Der Großhandel konnte bis vor wenigen Monaten noch gute Geschäfte aufweisen. Allerdings schlägt sich die Kaufkraftzurückhaltung und auch die schwächelnde Industrie bei den Großhändlern durch. Im produktionsverbundenen Großhandel melden 35 Prozent der Unternehmen, dass die Tendenz im Bestelleingang fallend ist. Beim konsumnahen Großhandel sind es elf Prozent. Die Inlandsnachfrage ist mit 70 Prozent Nennungen das Toprisiko der Branche.

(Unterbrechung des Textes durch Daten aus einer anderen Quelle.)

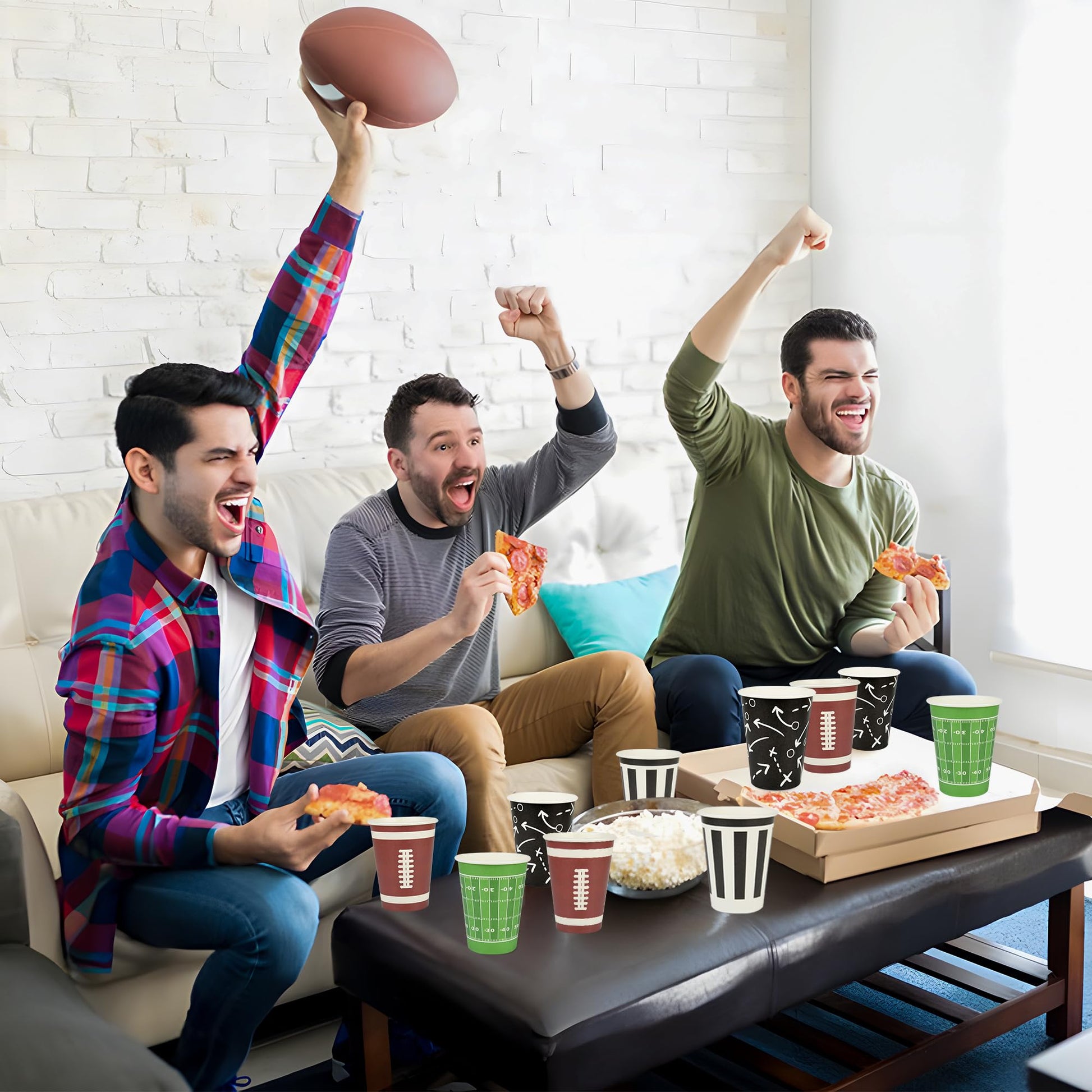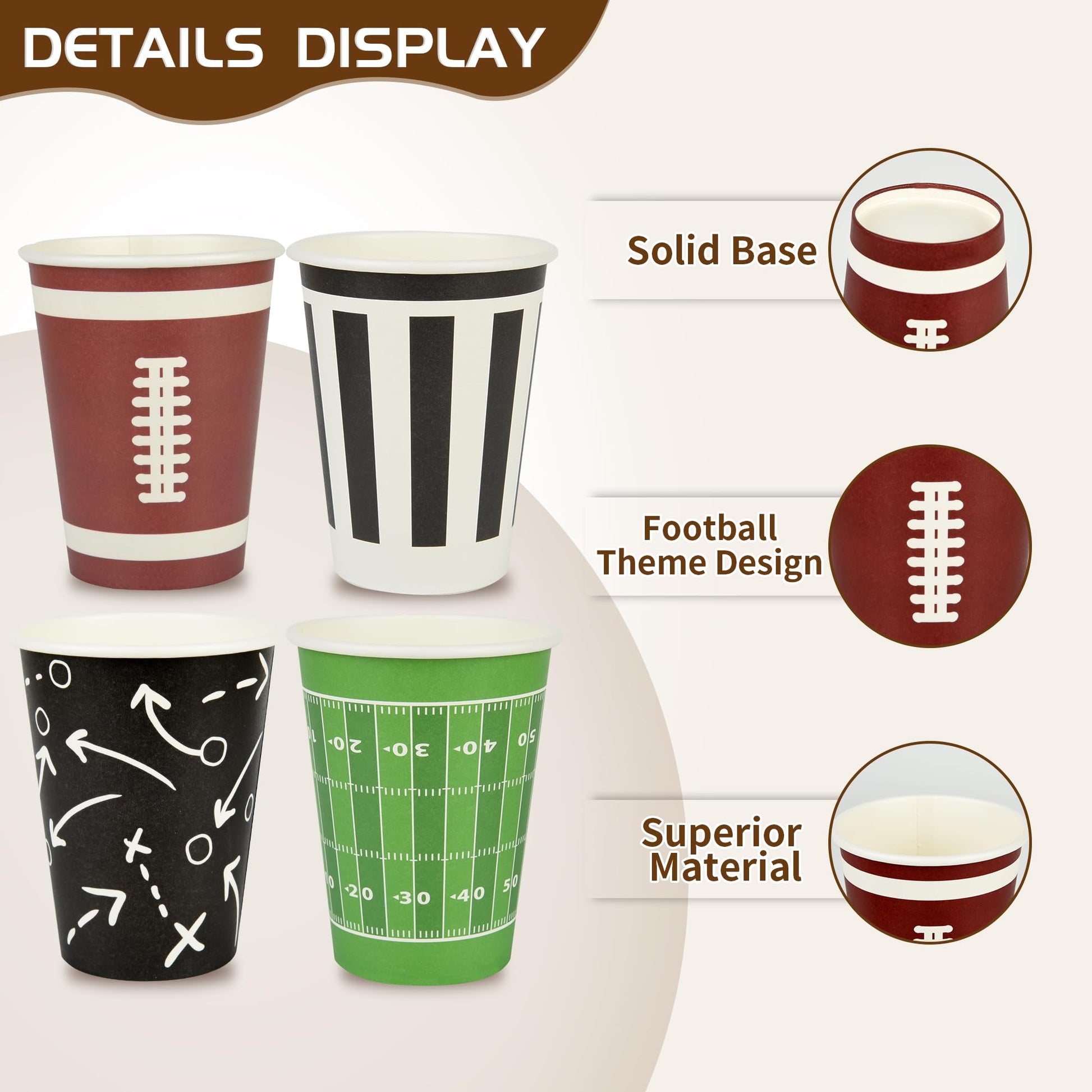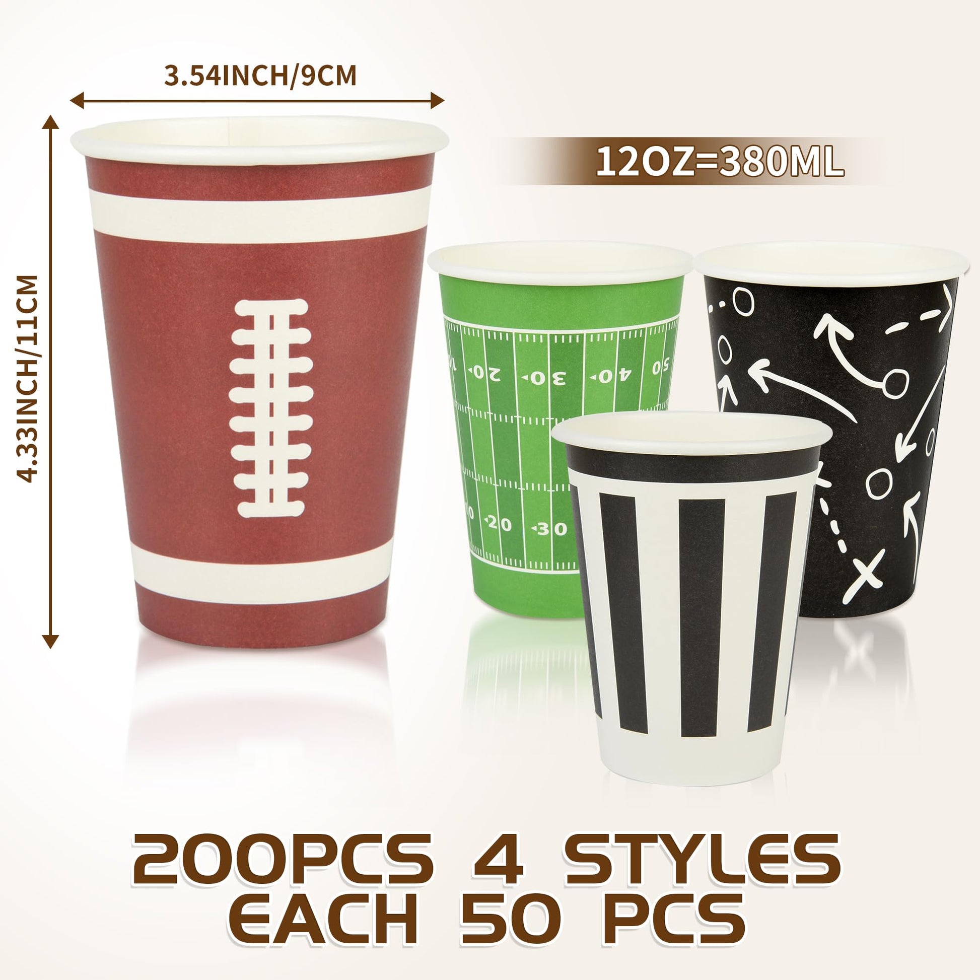 - Package includes: the package comes with 200 Football themed disposable paper cups,. A sufficient number of 4 different football pattern is enough to meet your party need, a complete football party favor set for your use.

Die Lage bei den Dienstleistern konnte sich im Vergleich zum Jahresbeginn 2023 erneut verbessern. Allen voran die Finanzdienstleistungen, die im Herbst und zum Jahressbeginn 2023 einen Einbruch erlitten haben. 47 Prozent der Unternehmen bewerten ihre Geschäftslage als gut – fünf Prozentpunkte mehr als zum Jahresbeginn.  Nur noch acht Prozent bewerten die Lage als schlecht. Das Toprisiko der Branche bleibt der Fachkräftemangel: Dreiviertel der Unternehmen sehen im Frühsommer 2023 hierbei ein Risiko für die wirtschaftliche Entwicklung.
Das Transport- und Verkehrsgewerbe konnte sich nach dem leichten Ab wieder fangen. Nur noch fünf Prozent der Unternehmen melden eine schlechte Geschäftslage - das sind circa acht Prozentpunkte weniger als noch zum Jahresbeginn. Allerdings hat sich auch die Anzahl der Unternehmen verringert, die ihre Geschäftslage als gut bewerten. So melden 34 Prozent eine gute Lage, während es Anfang des Jahres noch 38 Prozent waren. Die Unternehmen des Verkehrsgewerbes werden mit einigen Herausforderungen gleichzeitig konfrontiert: Der Auftragseingang nimmt deutlich ab, die Energiekosten belasten die Ertragsmarge und es fehlt an Fachkräften.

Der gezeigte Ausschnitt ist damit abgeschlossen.